I’ve always set high expectations for myself,” says psychiatrist Dionne Hart, M.D., chair of the AMA’s Minority Affairs Section.
And to hear her life story is to realize she means what she says. Growing up outside of Chicago, Hart had always wanted to be a doctor, but she married young to her high-school sweetheart, and by the time she was 20 she was divorced with three children at home but still managing to complete an undergraduate degree at the University of Chicago.
That might have been accomplishment enough for some people, but after she graduated with a degree in psychology, she began taking courses to prepare for medical school while working in a community mental health center (CMHC) on Chicago’s West Side. It was that experience that sparked an interest in psychiatry and in making changes to systems and policies that affect patients and their physicians.
“I always had an interest in listening to people’s stories,” she said. “And working in a CMHC I saw a lot of things that I knew needed improvement, and I wanted to make a change.”
She had completed two years at Rush Medical College when her father became ill. After taking time to care for him before his death in 1999 she returned to Rush and finished her schooling. After a psychiatry residency at the Mayo Clinic, Hart took a two-year commitment to treat underserved populations through the national Health Service Corps, as a way to defray medical school costs.
Today she works as a psychiatrist in the Federal Medical Center in Rochester, Minn., which provides medical and mental health treatment to male prison inmates.
Hart has brought the same determination to achieving her goals at the AMA. Last year, she was reelected to a two-year term as chair of the Minority Affairs Section, representing African-American, Hispanic, American Indian/Alaskan Native, and other minority physicians.
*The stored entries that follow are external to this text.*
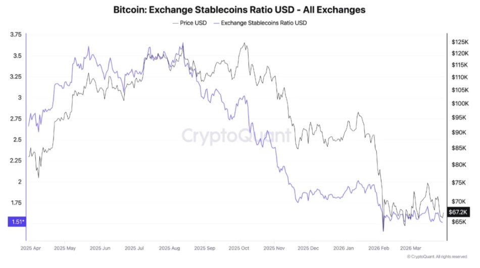 比特币交易所稳定币比率(截图)。来源:CryptoQuant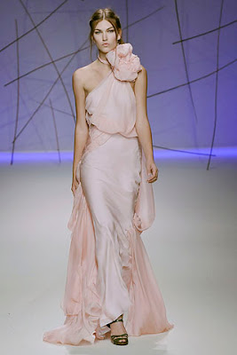 Na Ungaro foi a estréia de Esteban Cortazar, de apenas 23 anos, à frente do estilo. Considerei que a Ungaro estava colorida pois a imagem que tenho (e acho que a maioria das pessoas tem) da marca é o uso de cor. Talvez para quebrar essa tradição, o estilista decidiu não usar muitas cores, apenas uns toques de rosa e muito cinza. Uma pena, pois as formas estavam muito boas, especialmente as com amarrações e torcidos. As estampas também não estavam lá muito alegres. Anyway, vamos esperar a próxima para ver se ele “pega o jeito”.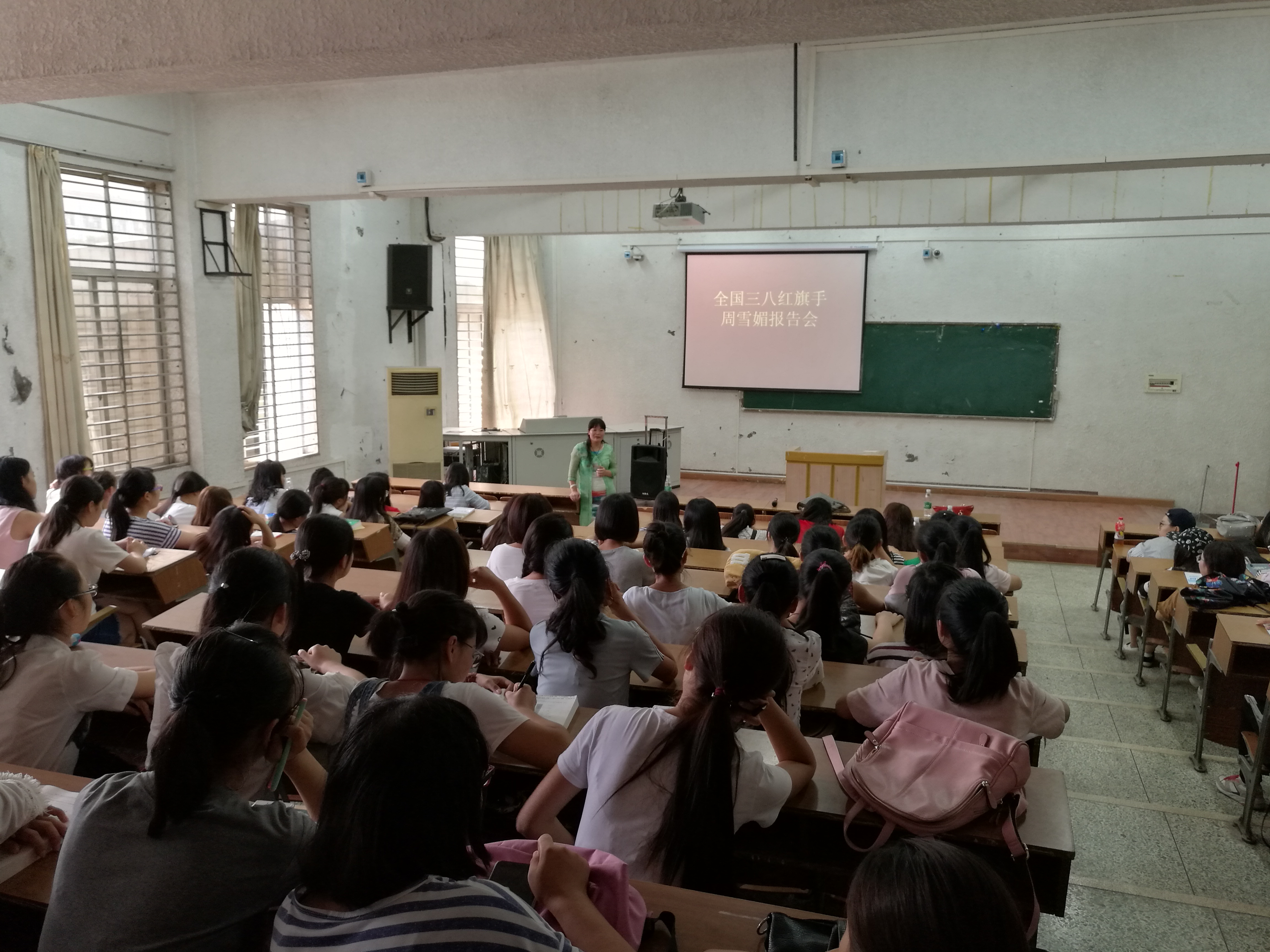 8月31日下午4:00时在5教203教室,全国三八红旗手、英国365官网99届校友周雪媚应邀到英国365官网作报告。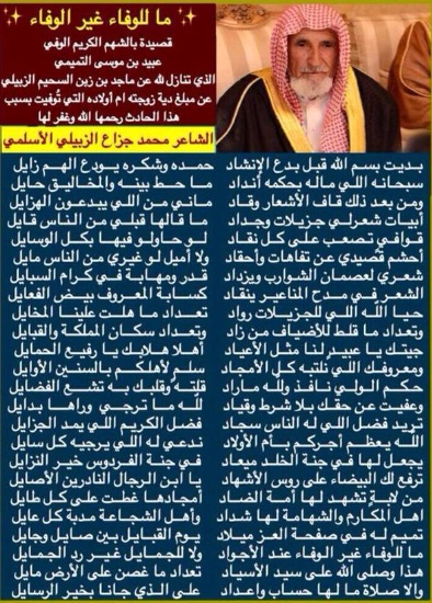 ابيات مدح في ابن الشيخ / عبيد بن موسى التميمي .

She is one of several young psychiatrists who have energized the AMA with their commitment to organized medicine while building bridges between psychiatry and other medical specialties.
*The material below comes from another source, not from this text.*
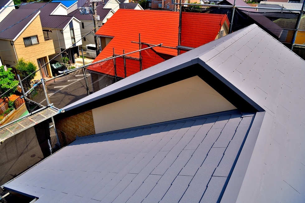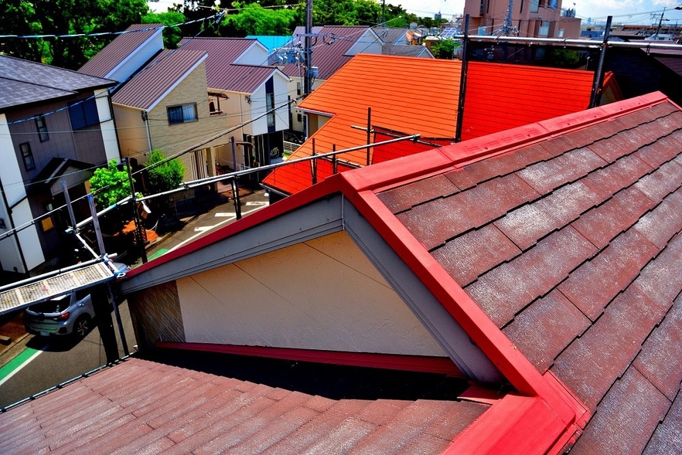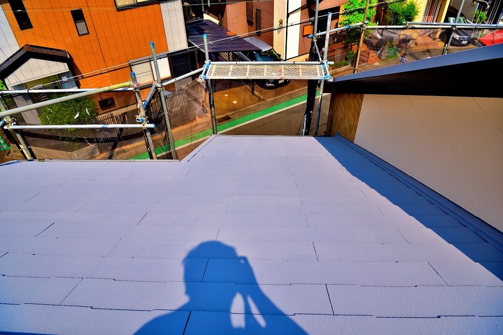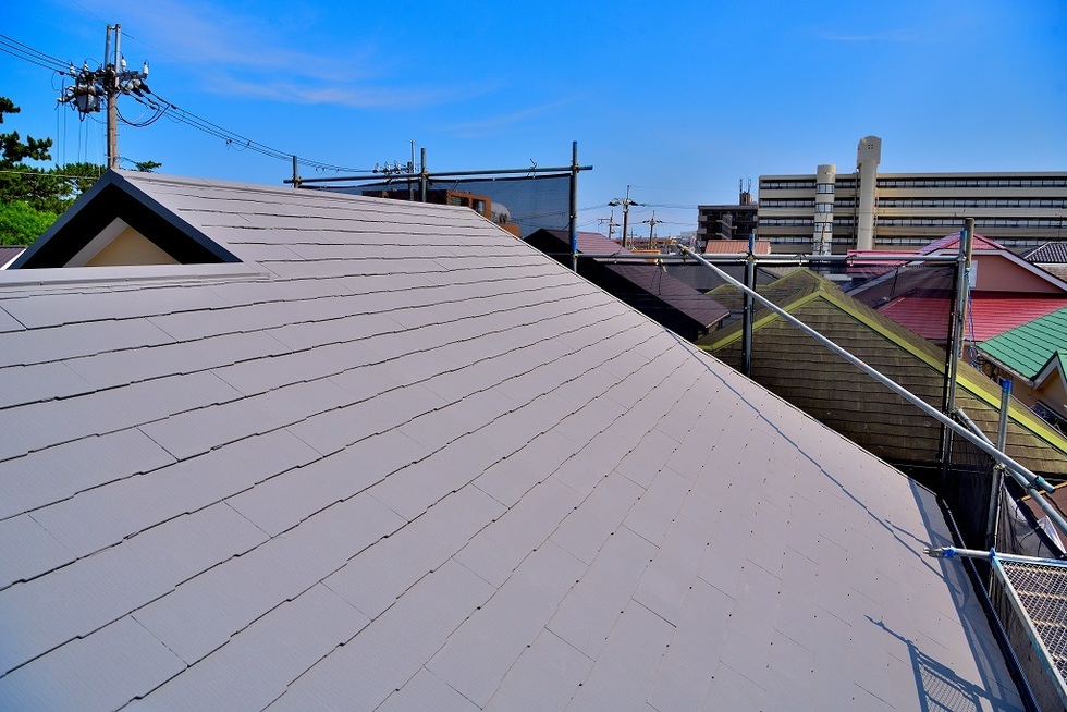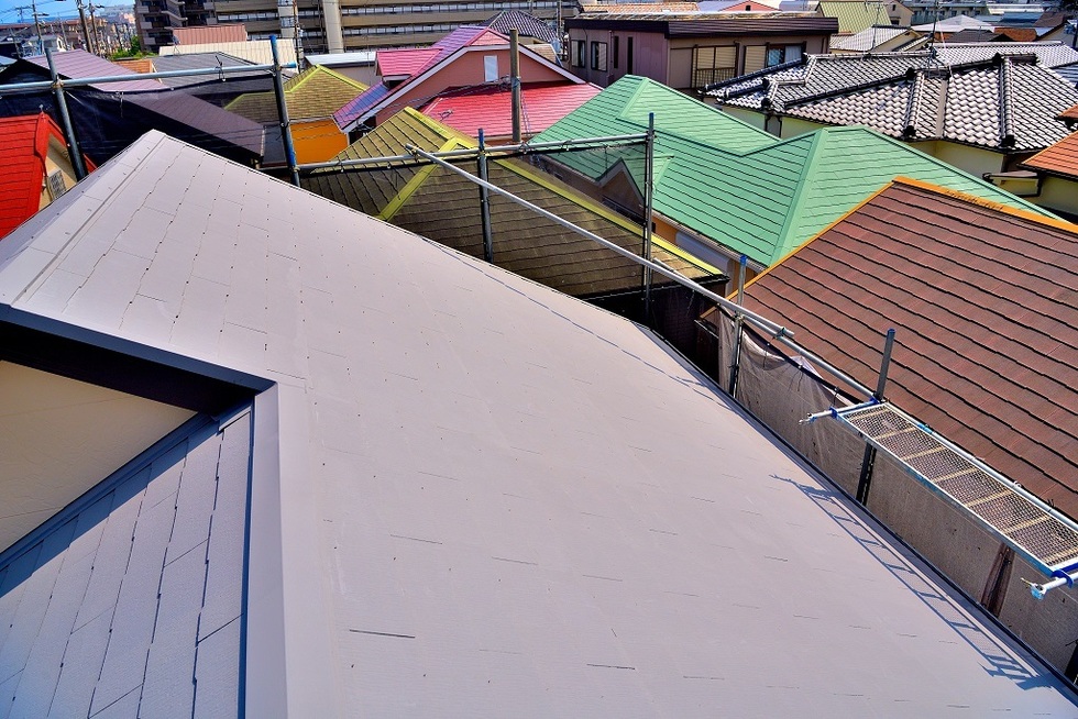 寝屋川市で2階戸建て木造住宅のカラーベスト屋根塗装工事の施工事例です。

And along with an influx of young, diverse physicians from other disciplines, Hart and other young psychiatrists are helping transform the AMA.
She was introduced to the AMA as a resident when she became involved in the Minnesota Medical Association, serving as a delegate to the AMA Resident and Fellow Section. “I didn’t really know much about the AMA at the time,” she recalled. “I was familiar with the National Medical Association, the organization that has traditionally represented African-American and Hispanic physicians, and I think I thought that the AMA wasn’t a place for me. But I was surprised when I joined the residents section to find it was a pretty diverse group, and people were really interested in making a change.”
According to data compiled by Hart and her staff with the Minority Affairs Section, 74 percent of AMA delegates or alternate delegates are white non-Hispanic, 3.49 percent are black non-Hispanic, 1.9 percent are Hispanic, and 7.19 percent are Asian/Asian American.
Historical figures on racial and ethnic composition of the House of Delegates for comparison are unavailable, but it’s clear that the face of the AMA has changed. And in July 2009, it issued an official apology for a history of excluding black physicians from membership and failing to speak against federal funding of segregated hospitals and in favor of civil-rights legislation.
“The AMA failed, across the span of a century, to live up to the high standards that define the noble profession of medicine,” said AMA past President Ron Davis, M.D., in a commentary published in the July 16, 2009, Journal of the American Medical Association (JAMA). The apology came in response to an expert panel’s report on the historical racial divide in organized medicine titled “African-American Physicians and Organized Medicine, 1846–1968: Origins of a Racial Divide,” also published in JAMA.
Health Disparities Targeted
Hart says today the Minority Affairs Section is dedicated to addressing the health disparities between ethnic groups and to increasing the diversity of the physician workforce. And she believes those goals have the backing of the AMA’s leadership. “My perspective is that the AMA has been very open about previous challenges in its history, and now has made it a high priority to eliminate health care disparities,” she told Psychiatric News.
And she said that psychiatrists of all backgrounds who may think, as she once did, that the AMA is “not a place for me” should take a second look.
“Membership in the AMA is an opportunity to work with state organizations and other medical specialties to develop policies that can improve the life of our patients. There is strength in having the AMA behind you.”